The task force has estimated total savings of more than $214 billion, an amount it
says equates to roughly $1,329 per taxpayer.
The Department of Government Efficiency (DOGE) said federal agencies terminated or scaled back 14 additional contracts over the past two days, cutting nearly $98 million in spending in a Christmas Eve update that described the cancellations as a purge of “naughty” government deals.
“Over the last 2 days, agencies terminated and descoped 14 NAUGHTY contracts with a ceiling value of $190M and savings of $98M,” DOGE wrote. “Including a $27k [Veterans Affairs] utilities contract for ‘two 8-passenger golf carts.’ Merry Xmas!”
Contract Review Continues
The Christmas Eve update follows a larger announcement earlier this week in which DOGE said agencies had terminated or reduced 55 contracts with a combined ceiling value of $863 million over a five-day period, eliminating an estimated $261 million in spending tied to what the task force described as “wasteful.”Among the contracts canceled earlier this week was a $1.6 million Housing and Urban Development agreement for support management services intended to “provide coherent, accurate, comprehensive, timely and current digital news,” DOGE said. Another involved a $4.5 million Health and Human Services consulting contract for the “coordination of quality and public reporting programs and websites.”
‘Promises Made, Promises Kept’
DOGE estimates that total savings since its creation now exceed $214 billion, an amount the task force says equates to roughly $1,329 per taxpayer. The savings figure includes reductions tied not only to contract cancellations, but also to asset sales, workforce reductions, interest savings, regulatory changes, grant cancellations, and the elimination of fraud and improper payments.According to DOGE, the Department of Health and Human Services accounts for the largest share of savings to date, followed by the General Services Administration, the Social Security Administration, the Office of Personnel Management, and the Small Business Administration.

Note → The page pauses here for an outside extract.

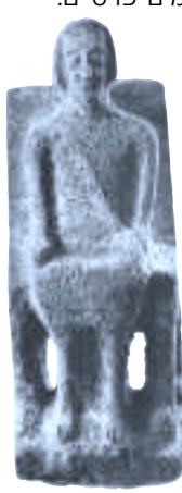
פסל מאבן בולת. תקופת הברונזה המאוחרת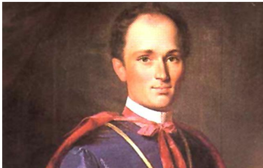
Slika 1 Mladi Strossmayer za vrijeme školovanja

enstvo bilo je za kapitularnog vikara dra. Josipa Josipa Matića. Jelačiću je tu prevagnuo na Strossmayerovu stranu, a uz to je i biskup Kuković pisao dopis caru i molio ga da Strossmayera postavi na mjesto biskupa. Zbog toga je 18. studenoga 1849. uslijedilo njegovo imenovanje.

The contract terminations come amid broader federal workforce reductions under President Donald Trump, who has pledged to shrink the size of the federal bureaucracy, streamline government operations, and reduce long-term spending obligations.
‘Zombie Payments’
Former DOGE head Elon Musk offered an assessment of the initiative’s performance in a wide-ranging podcast interview earlier this month, saying the task force was “somewhat successful” in curbing wasteful federal spending while acknowledging the effort fell short of its most ambitious goals.DOGE initially aimed to identify as much as $2 trillion in waste and fraud, a target Musk later revised to $1 trillion. While that goal was not reached, Musk said the initiative nevertheless halted large volumes of spending that lacked clear justification.
“I mean, we stopped a lot of funding that really just made no sense, that was entirely wasteful,” he said, estimating that improper or unnecessary “zombie payments” totaled between $100 billion and $200 billion annually.
Musk said DOGE focused on enforcing basic accountability measures, including requiring valid payment codes and explanations for federal disbursements—steps he said were often missing.
“Simply by enforcing that there be a payment code and an explanation for the payment, that payment wouldn’t go out,” he said. “It seems insanely obvious, but there are just, call it, 2 or 3 percent of government payments that go out that really should not be going out.”